But how could I tell the truth? Telling the truth would seal not only my doom, but Robert Malory's, and my aunt's, and put Starling in danger also. Plain fear waved me off that path.

“It is no use pretending there is no association,” Master Clement went on. “We know that a man so named set out for the Port of Deptford yesterday around five o'clock. We also know that you did not appear in yesterday's performance. Another boy played your part.”

“Badly too,” put in Bartlemy—not only kidnapper and mauler but theater critic as well. He leaned against the wall, arms folded, regarding me with his sharp eyes.

“Well?” said his master. “Where were you yesterday at eventide?”

“So please you, sir …” My voice came out as the barest whisper—both of them had to lean close to hear it. “I was sick—”

“All day? Can anyone swear that you were in your bed around the first watch?”
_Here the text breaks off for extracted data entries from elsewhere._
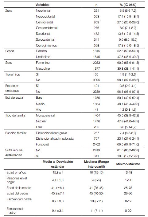 La edad promedio fue de 15,8±1 años, 52,5% (n = 1815) de grado décimo, 60,2% (n = 2083) son mujeres, 50,7% (n = 1755) de estrato socioeconómico bajo, 3,5% (n = 121) manifiesta que ha estado en embarazo y 18,5% (n = 641) sufre alguna enfermedad. En cuanto a la familia de los adolescentes, se encontró que la edad promedio de las madres fue de 41,4±6,4 años, de los padres de 45,3±7,4 años, la escolaridad promedio de ambos no superó los 10 años, 45,5% (n = 1404) de los adolescentes refiere que vive sólo con uno de los padres, 6,6% (n = 205) no vive con el padre ni la madre y 30,5% (n = 1054) percibe que su familia es disfuncional (Tabla 1).
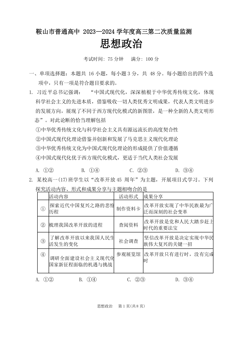 辽宁省鞍山市普通高中2024届高三下学期第二次质量监测政治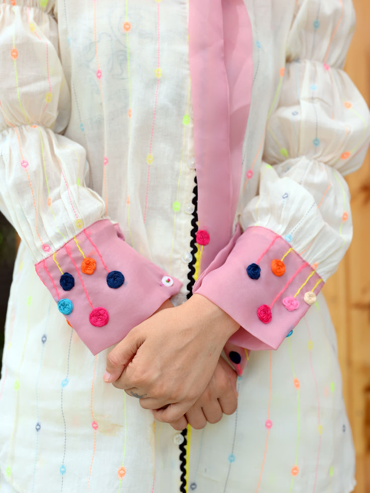 Elevate your sustainable style with our vibrant Cotton Co-ord Set, featuring playful neon blob prints and intricate hand-embroidered roses on the sleeve cuffs and tie collar. This set is not just a fashion statement but a testament to eco-conscious living. Perfect for brunches, kitty parties, and social events, it offers a blend of comfort, elegance, and a touch of whimsy for any occasion.

Starling would, but she was now in her own bed with a nasty cough picked up from yesterday's adventure. Besides, I could not let her lie for me.

“Let me acquaint you with what we know, lest you try to dodge us again with some lame tale about losing your wallet. We have had an eye on you since you appeared at the chambers of Martin Feather. Since Bartlemy recognized you from the funeral, we marked you for questioning, but you appeared to be innocent when I confronted you. So we set you aside. But then last November a body was found in an abandoned house in Southwark. Know you the house I mean?”

I managed a nod.

“We got word of that body through one connected with this Company. Was it you?”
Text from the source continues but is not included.